**PROVIDED DATA**
*** Block opens ***

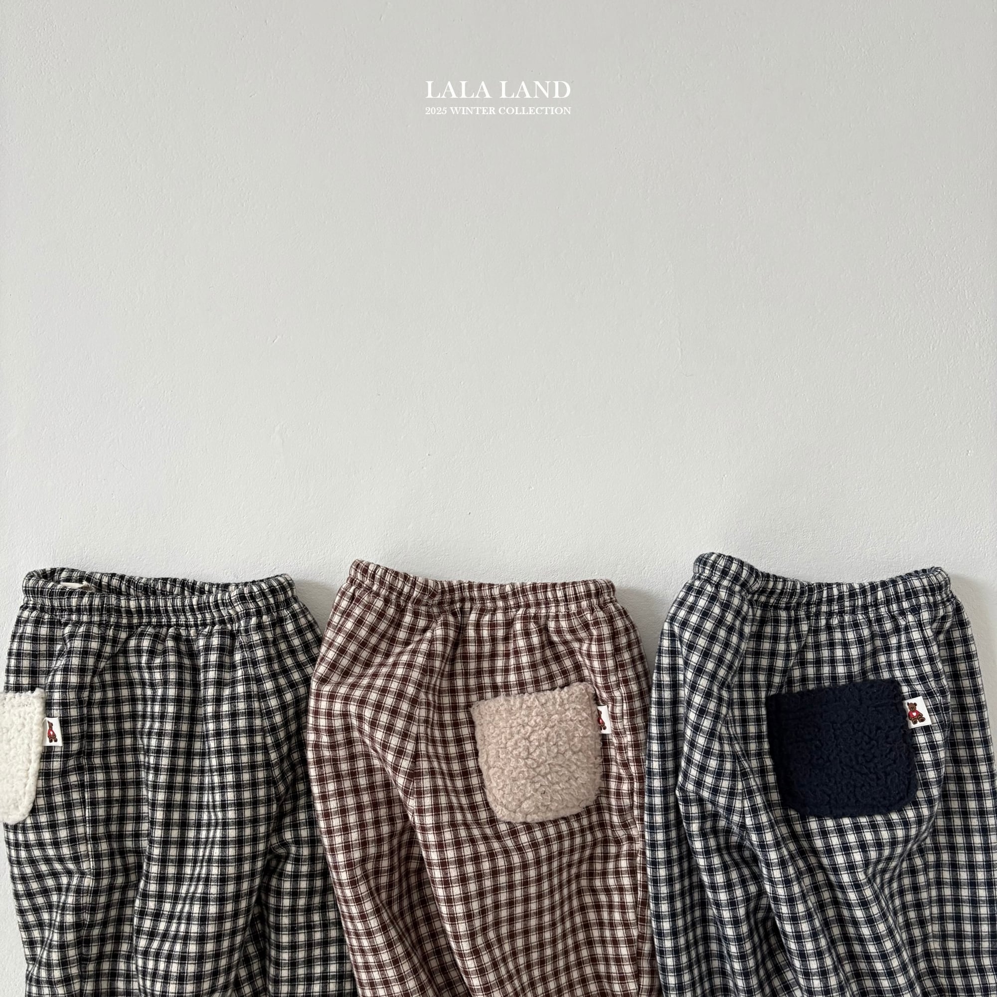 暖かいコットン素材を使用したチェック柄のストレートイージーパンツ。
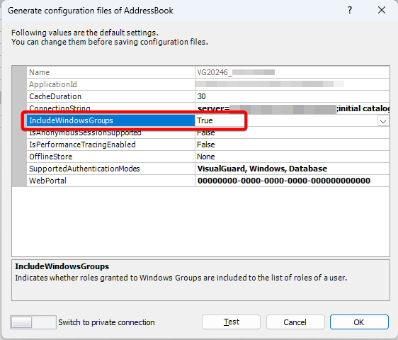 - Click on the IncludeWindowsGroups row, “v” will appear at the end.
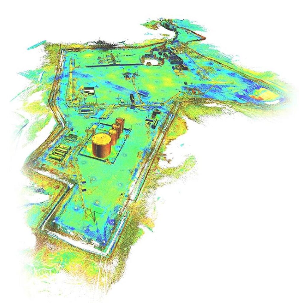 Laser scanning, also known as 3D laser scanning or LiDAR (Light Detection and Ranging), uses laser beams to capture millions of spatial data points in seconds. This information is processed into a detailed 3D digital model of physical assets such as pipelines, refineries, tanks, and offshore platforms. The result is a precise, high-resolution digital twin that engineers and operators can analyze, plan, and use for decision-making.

*** Block closes ***

**EXERCISE**
Your answer should consist solely of the lines from the line with "- Click on the" to the final line of the listing, set down word for word, pictures omitted.

**RESPONSE TO THIS EXERCISE**
 - Click on the IncludeWindowsGroups row, “v” will appear at the end.
 Laser scanning, also known as 3D laser scanning or LiDAR (Light Detection and Ranging), uses laser beams to capture millions of spatial data points in seconds. This information is processed into a detailed 3D digital model of physical assets such as pipelines, refineries, tanks, and offshore platforms. The result is a precise, high-resolution digital twin that engineers and operators can analyze, plan, and use for decision-making.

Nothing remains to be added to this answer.